The house has been built using earth-filled plastic bottle ‘bricks’ and mud. The three-room structure is so sturdy that it could stand for thousands of years.
Plastic bottles take hundreds years to biodegrade in landfill. In Nigeria millions of plastic bottles are dumped into waterways and landfill each year causing pollution, erosion, irrigation blockages and health problems.
Bottle houses take this dangerous waste out of the environment and make it useful.
Katrin Macmillan launched Nigeria’s bottle recycling programme in December 2010. Used plastic bottles and their lids are now being collected from hotels, restaurants, homes and embassies and, so far, thousands of bottles have been collected for the bottle house builds.
This is what she had to say about the project:
“Nigeria has a serious waste and energy problem and this project is one small step towards making positive changes. This project can be easily replicated and is a wonderful way to enable Nigeria to recycle in a creative and practical way. Following on from this first Nigerian bottle house the children at the African School of Excellence in Seluja have started making the bottle ‘bricks’ for their new school hall and students will be involved throughout the build. The school hall will take 200,000 bottles out of landfill and into education.”

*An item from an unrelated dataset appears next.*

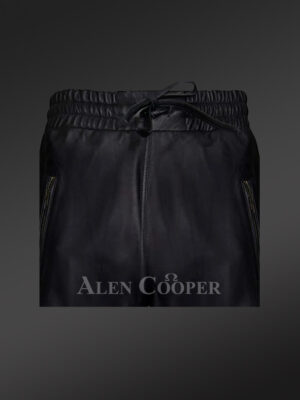 Leather Pants in Jet Black with Unique Criss-Cross Pattern Styles on Sides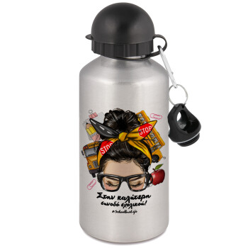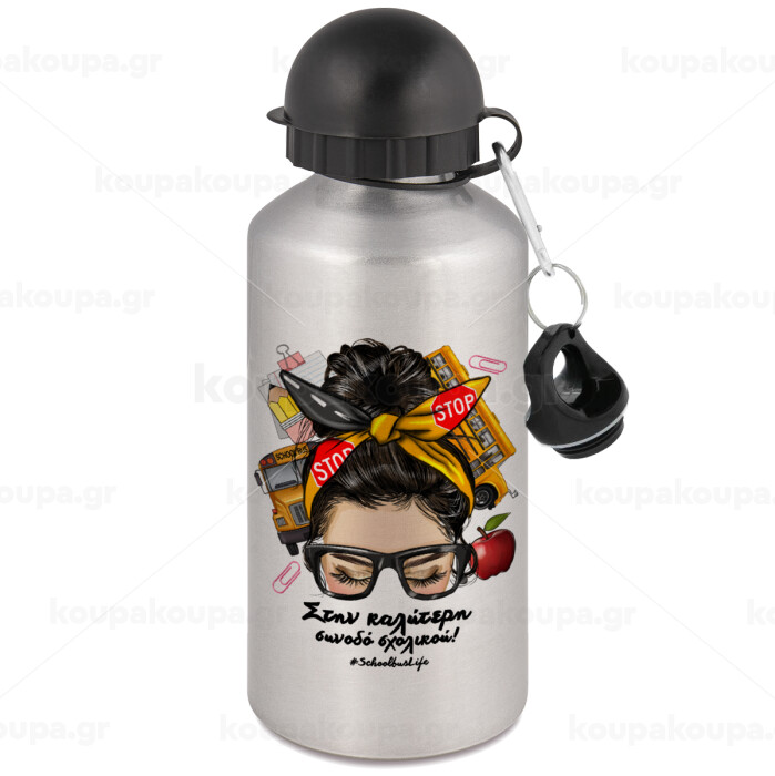 Στην καλύτερη συνοδό σχολικού!, Metallic water jug, Silver, aluminum 500ml

Yahaya Ahmed, CEO of Development Association for Renewable Energies (DARE), set out to build energy-autonomous houses from recycled materials. DARE have brought Andres Froesse, founder of Eco-Tec Soluciones Ambientales, to Nigeria to train local masons in the bottle building technique. Land for Nigeria’s first bottle building was donated to the project by engineer Chris Vassilou.
The bottle house will be solar powered, with a fuel-efficient clean cookstove, urine filtration fertilisation systems and water purification tanks, thereby making it energy autonomous.
The next Nigerian bottle building project is a school hall in Seluja at the Africa School of Excellence, which urgently needs classroom space.
The school children are being trained in the bottle brick making technique and the newly trained masons will lead the build in January 2012.